Keywords: bee venom phospholipase A2, spontaneous abortion, Tregs, pregnancy, depletion of regulatory T cell (DEREG) mouse model
1. Introduction
Pregnancy has been considered a state of maternal immunological tolerance because the maternal immune system protects the semi-allogenic fetus during the implantation period. The feto–maternal interface creates a pregnancy-supportive immune environment and provides protection from harmful pathogens. The balance between immune tolerance and immune activation is important for the maintenance of pregnancy, and aberrant patterns are associated with complications such as implantation failure, pregnancy loss, and preterm labor [1]. The maternal immune response is regulated by cytokines acting on the Th1/Th2 balance to orchestrate the changes in leukocyte populations required to protect the conceptus during pregnancy [2,3] and facilitate the tissue remodeling processes necessary for adequate placental development [4].
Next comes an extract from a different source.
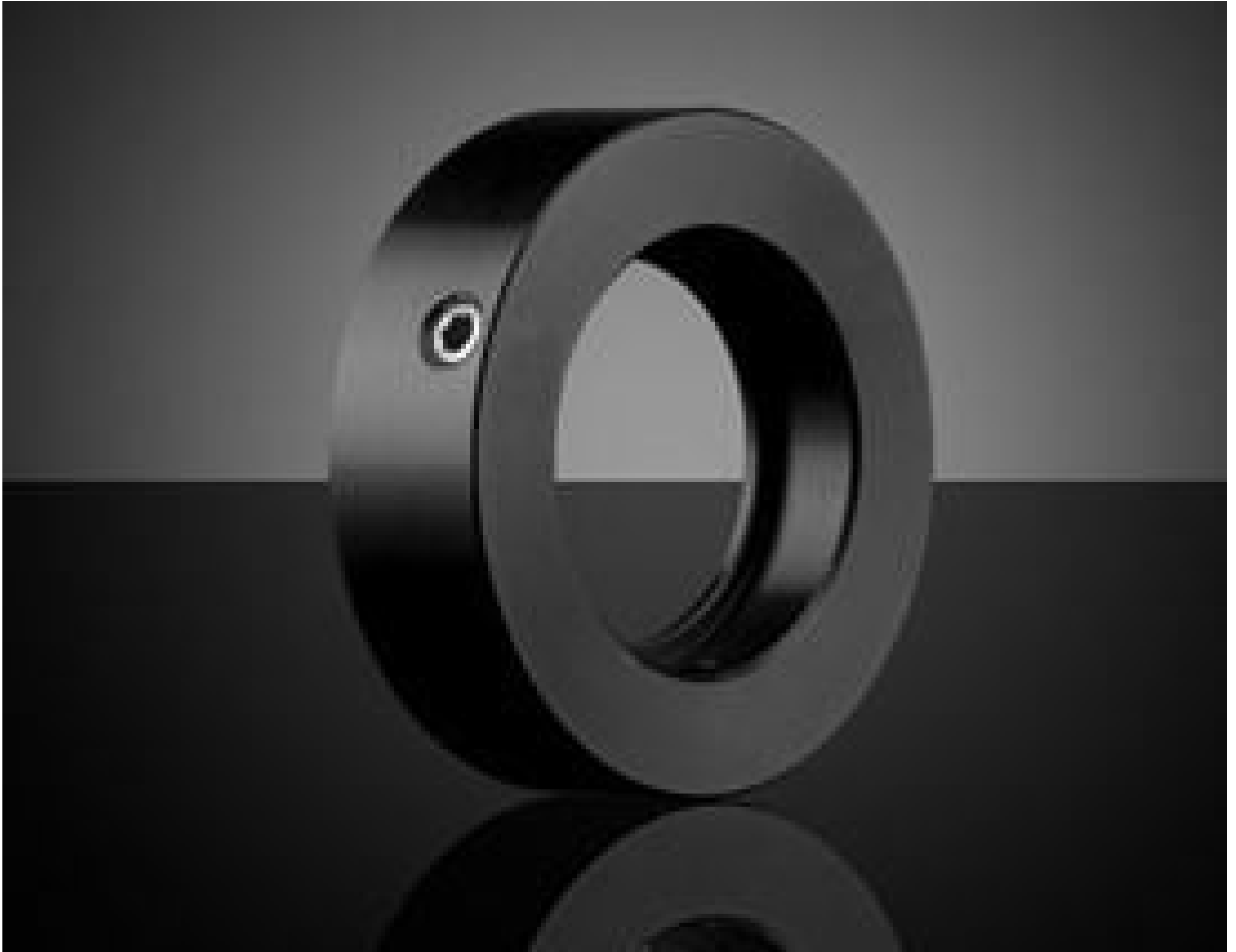
M25.5 x 0.5 Adapter for 18mm Dia. CompactTL™ Telecentric Lens, #88-212

Spontaneous abortion, also known as miscarriage, is the most common complication of early pregnancy and is classically defined as the natural death of an embryo or fetus before 20 weeks of gestation without a surgical procedure [5,6]. It is estimated that 10–15% of women who conceive experience one or more miscarriages, and an estimated 1~3% of women suffer from recurrent pregnancy loss (RPL) [7]. Spontaneous abortion has multiple etiologies, including maternal immune incompetence, chromosomal anomalies, infections, and hormonal insufficiency [8,9]. It is well known that the two main mechanisms involved in abortion are the inflammatory process and thrombosis [10]. An increased inflammatory response in the decidua is frequently reported in women who develop RPL. The inflammatory cytokine level in the placental–decidual interface is a key determinant of the viability and development potential of a fetus. Therefore, adequate immune adaptations play a central role in the prevention of pregnancy disorders, including recurrent pregnancy loss, preeclampsia, fetal growth restriction, and premature birth [11].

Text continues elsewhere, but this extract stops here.